Inference of the D. exilis effective population size revealed a decline that started more than 10,000 years ago and reached a minimum between 2,000 and 1,000 years ago (Fig. 3e). Then, a steep increase of the effective population size occurred to a level that was approximately 100-fold higher compared to the bottleneck.

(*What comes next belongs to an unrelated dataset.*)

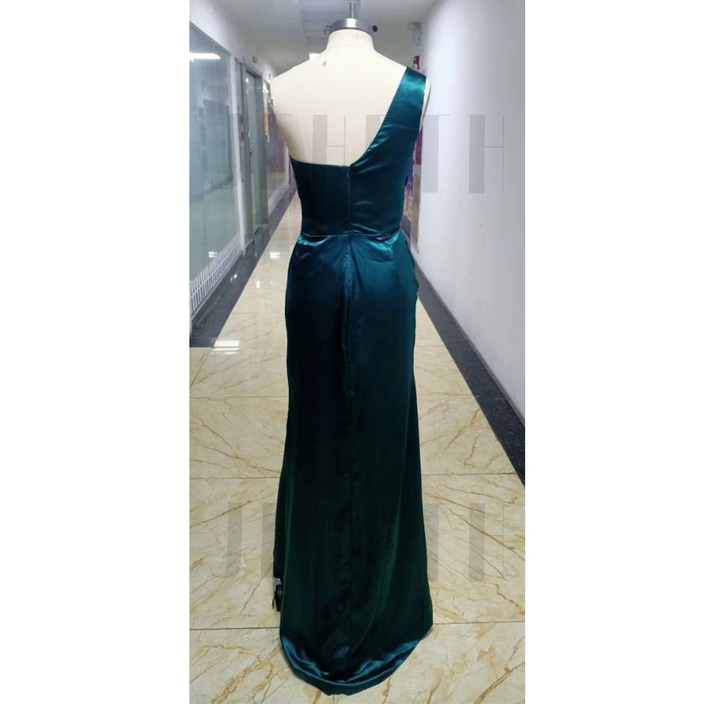 Сексуальное темно-зеленое вечернее платье JEHETH, официальное длинное платье на одно плечо в пол, атласное вечернее длинное платье, Индивидуальный размер

Genomic footprints of selection and domestication

We used three complementary approaches to detect genomic regions under selection: (i) a composite likelihood-ratio (CLR) test based on site frequency spectrum (SFS)³⁷, (ii) the nucleotide diversity (π) ratios between D. exilis and D. longiflora over sliding genomic windows, and (iii) the genetic differentiation based on F_ST calculations, again computed over sliding windows. With the CLR test, 78 regions were identified as candidates for signatures of selection. The genetic diversity ratios and F_ST calculations revealed 311 and 208 regions, respectively (Fig. 4, Supplementary Data 3). We then searched for the presence of orthologs of known domestication genes in the regions under selection. The most striking candidate was one of the two orthologs of the rice grain size GS5 gene³⁸ (Dexi3A01G0012320 referred to as DeGS5-3A) that was detected by genetic diversity ratio and F_ST based calculations (Fig. 4). GS5 regulates grain width and weight in rice. D. exilis showed a dramatic loss of genetic diversity at the DeGS5-3A gene (Fig. 5a and b). Domestication of fonio is associated with wider grains of D. exilis compared to grains of D. longiflora (Fig. 5c). The region of the GS5 ortholog on chromosome 3B (DeGS5-3B) was not identified as being under selection and showed higher levels of nucleotide diversity than the DeGS5-3A region (Fig. 5a and b). Only the DeGS5-3A but not the DeGS5-3B transcript was detected in the D. exilis RNA-Seq data from grains. This is in agreement with observations made in rice³⁸, where a dominant mutation resulting in increased GS5 transcript levels affects grain size.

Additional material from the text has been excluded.